Impatient to receive a travel scholarship, he took off on his own in 1873 and went to Düsseldorf, but was not pleased with their teaching methods and later felt that he had wasted his time there. Finally, in 1874, he obtained a trave scholarship and went to Paris via Brussels. His feelings about his studies in Germany were confirmed when he visited the Salon and was exposed to the more Naturalistic styles prevalent there. During his first summer in France, he lived in Montigny-sur-Loing and Marlotte, painting forest and river scenes.

In 1877, he exhibited two landscape paintings at the Salon of 1766 and they received praise from the critic, Louis Edmond Duranty. One was purchased by Adolphe Goupil. He made further painting trips to Marlotte, Nemours and Grez, but his showing at the 1878 Salon was not as successful.

Upon returning to Sweden, he immediately organized an exhibition. This time, he made an impression, as most Swedish landscape painters were still making sketches outdoors and completing their paintings in their studios, rather than working en plein aire. Several of his works were purchased by the Royal Academy to be used for study material in their landscape classes. The Stockholm archipelago, Södermanland and Östergötland were his favorite places to paint.
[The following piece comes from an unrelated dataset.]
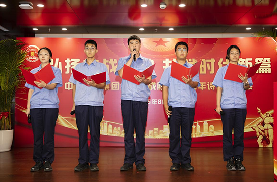 活动在庄严热烈的气氛中拉开帷幕。主持人宣布活动开始后,来自集团各单位的16支代表队依次登台,围绕“烽火淬炼山河志”“铁骨赤忱铸脊梁”“初心如炬传薪火”“盛世逐梦启新程”四个篇章,深情朗诵了《如果我生活在那个年代》《我的抗战》《枪响处 山河醒》《诗颂风华》《钢枪与塔吊的变奏曲》《与梦同行》《诗意中国》等一批优秀原创及经典诗歌作品。

In 1885, he joined a group known as the Opponents (Opponenterna) which was protesting what they felt were the outmoded methods of teaching at the Royal Academy. However, after participating in one of their exhibitions, he left the group because he felt it was counterproductive. By the late 1880s, a combination of ill-health and resistance to new methods or styles eventually reduced the quality of his workmanship.

He died at Stockholm during 1894 and was buried at Solna Church. Small selections of his work may be seen at the Göteborgs konstmuseum, Nationalmuseum and the Nordiska museet.